Andover LGBT students and alumni are continuing to make a direct impact in the world as well. One table at the event held postcards from a grassroots “Postcards to the President” campaign started by alumnus Tanner Efinger ’02 (postcardstothepresident.com). Students were urged to fill out the cards, asking President Obama to push Congress for repeal of the Defense of Marriage Act.

DeJesus said the event had exceeded his expectations. He hoped attendees took advantage of the chance to talk and share ideas across the various boundaries that sometimes separate people.

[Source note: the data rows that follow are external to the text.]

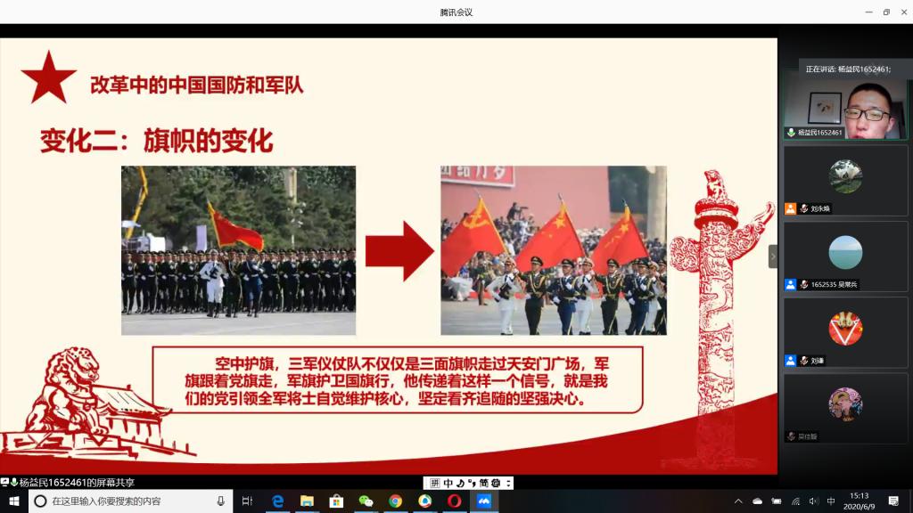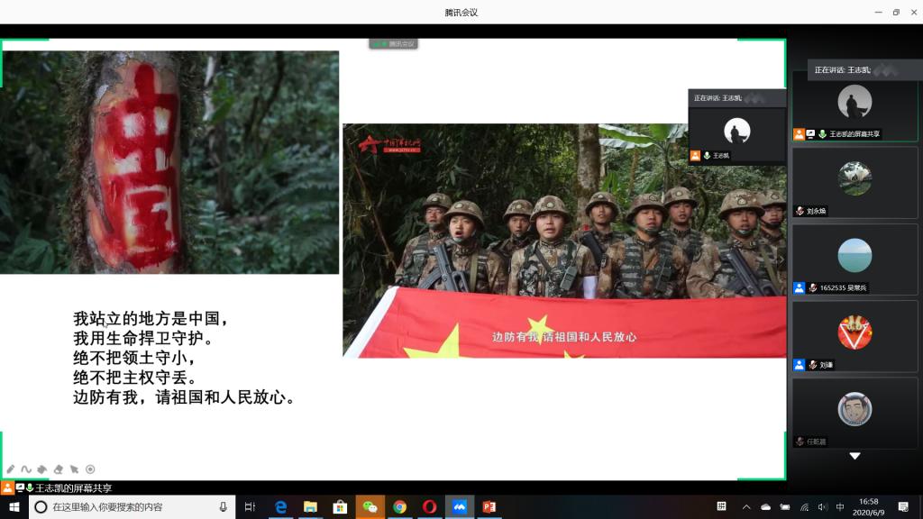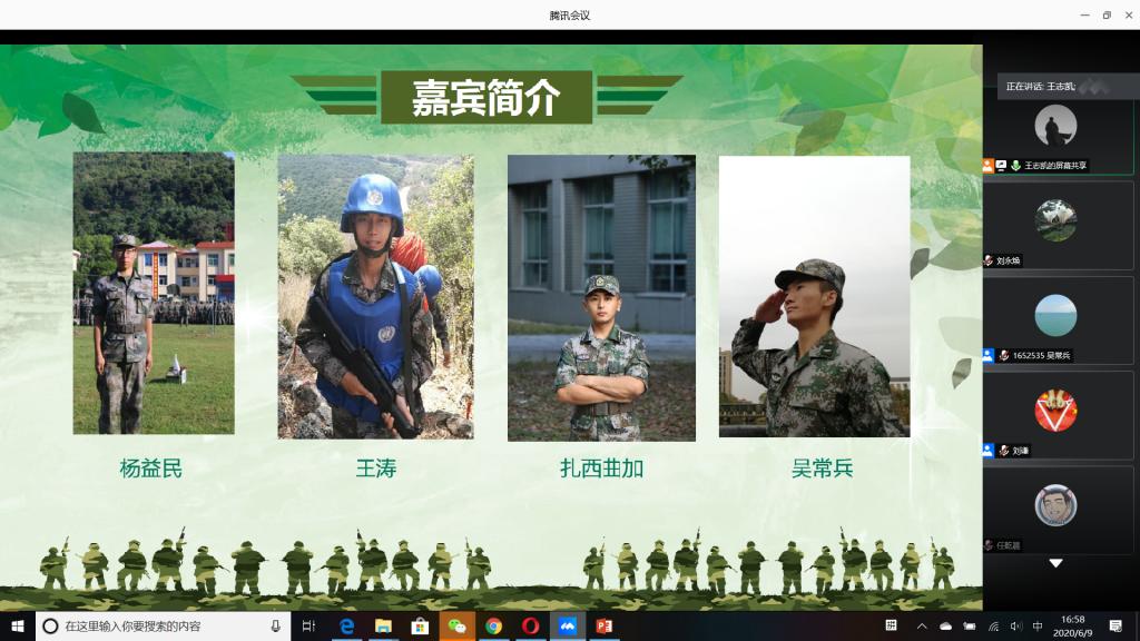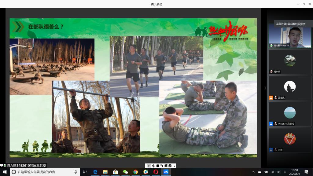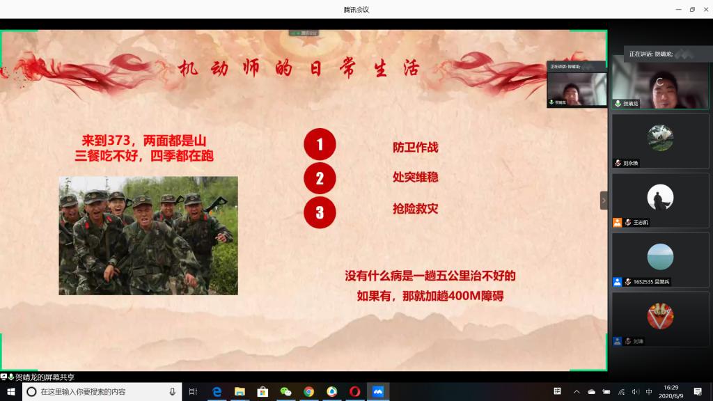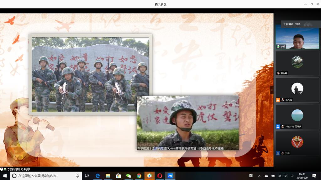 “国无防不立,民无兵不安”,巩固国防和强大军队是新时代坚持和发展中国特色社会主义、实现中华民族伟大复兴的战略支撑。6月9日下午,必赢官网成功举办以“无迷彩,不青春”为主题的线上退伍大学生分享暨2020年征兵动员会,会议由必赢官网退伍大学生王志凯主持,学生党总支副书记刘永焕、学工办主任刘谦、辅导员汤若琦、王秋晨和常恒以及有意向应征入伍的大学生参加了分享动员会。分享会上,来自四个学院的八名优秀退伍大学生从国防的意义及我国部队的发展与改革展开,结合自己的亲身经历,向参会的大学生分享了自己难忘的军旅生涯和参军故事,号召更多的有志青年,以强烈的政治意识和使命担当,携笔从戎,以实际行动积极支持和服务改革强军战略。
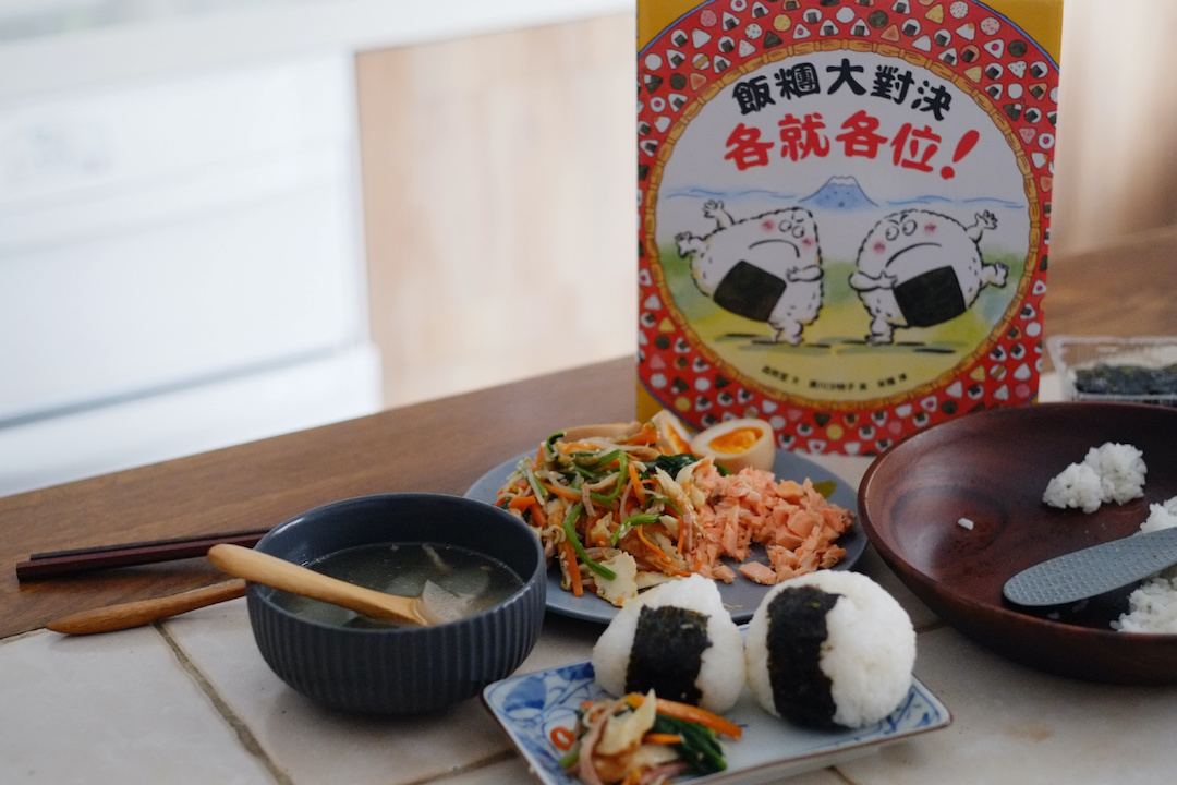 書店久違的早安故事時間這個月要和大家說說飯糰的兩國之爭,聽到故事裡有愛吃的飯糰,闆寶和孩子們幾天前就開始興奮期待囉!
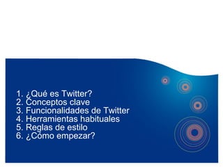 Twitter es una plataforma de microblogging que permite publicar mensajes ("tweets") de hasta 140 caracteres. El documento explica conceptos clave como el timeline, seguidos, seguidores y hashtags, e incluye funcionalidades como retweets, mensajes directos y listas. Además, detalla herramientas populares para usar Twitter y reglas de estilo, concluyendo con pasos para crear una cuenta y empezar a usarla.
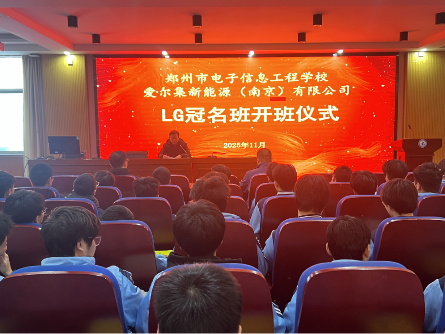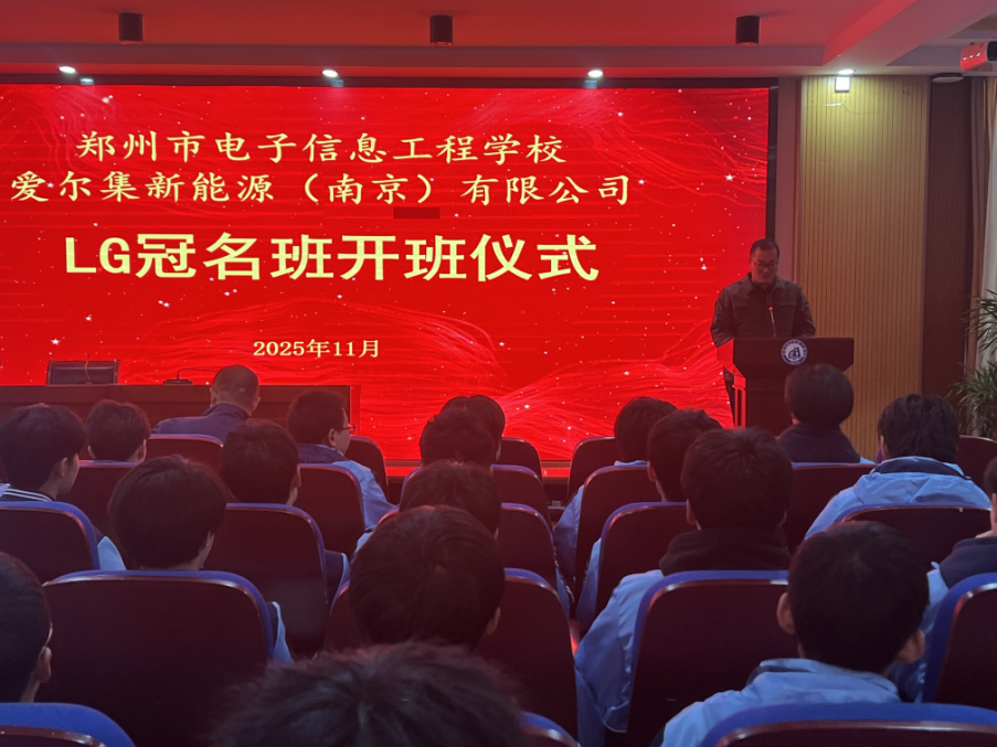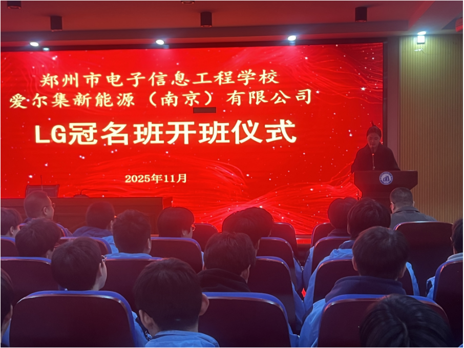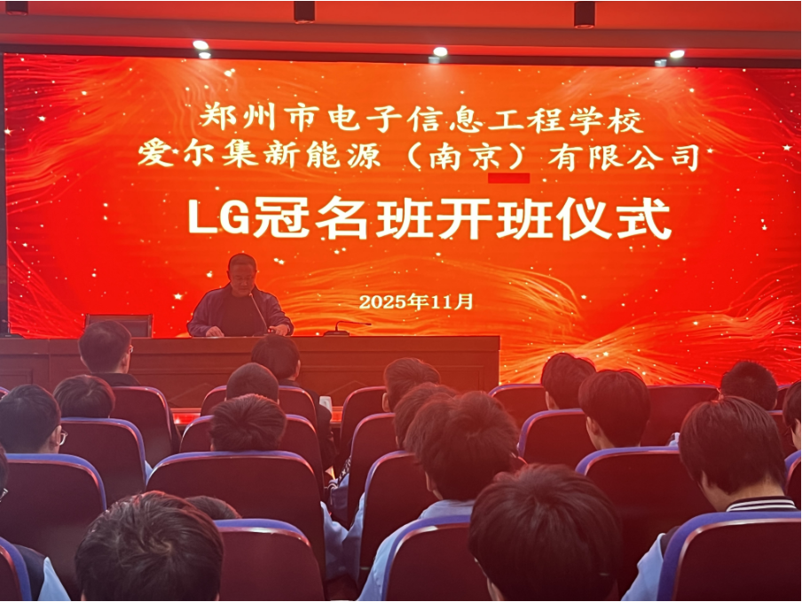 2025 年 11 月 21 日上午,郑州市电子信息工程学校隆重举行爱尔集新能源(南京)有限公司冠名班授牌仪式暨授课活动。爱尔集新能源(南京)有限公司人才确保部部长辛玉国、人才育成部部长徐继曾、人才育成部高级主管张琬迎,我校副校长高勤华、招生就业办主任尹春鹏,以及 2526 班班主任郝梦月、2527 班班主任牛心语出席活动,仪式由尹春鹏主任主持。

“This conference has truly provided an amazing opportunity for our community,” reflected current GSA leaders Liz Brown ’09 and Alina Pechacek ’09, in a statement to Bay Windows. “It is so rare to find an occasion in which so many young leaders come together to share ideas and experiences. It’s a privilege to build upon our progress within the gay rights movement and to honor those who led the way before us. A lot of progress has been made during our 20 years of operation, but it is our duty as future representatives of the movement to expand upon this transition toward a more open, unified world.”

It seems the future is in good hands.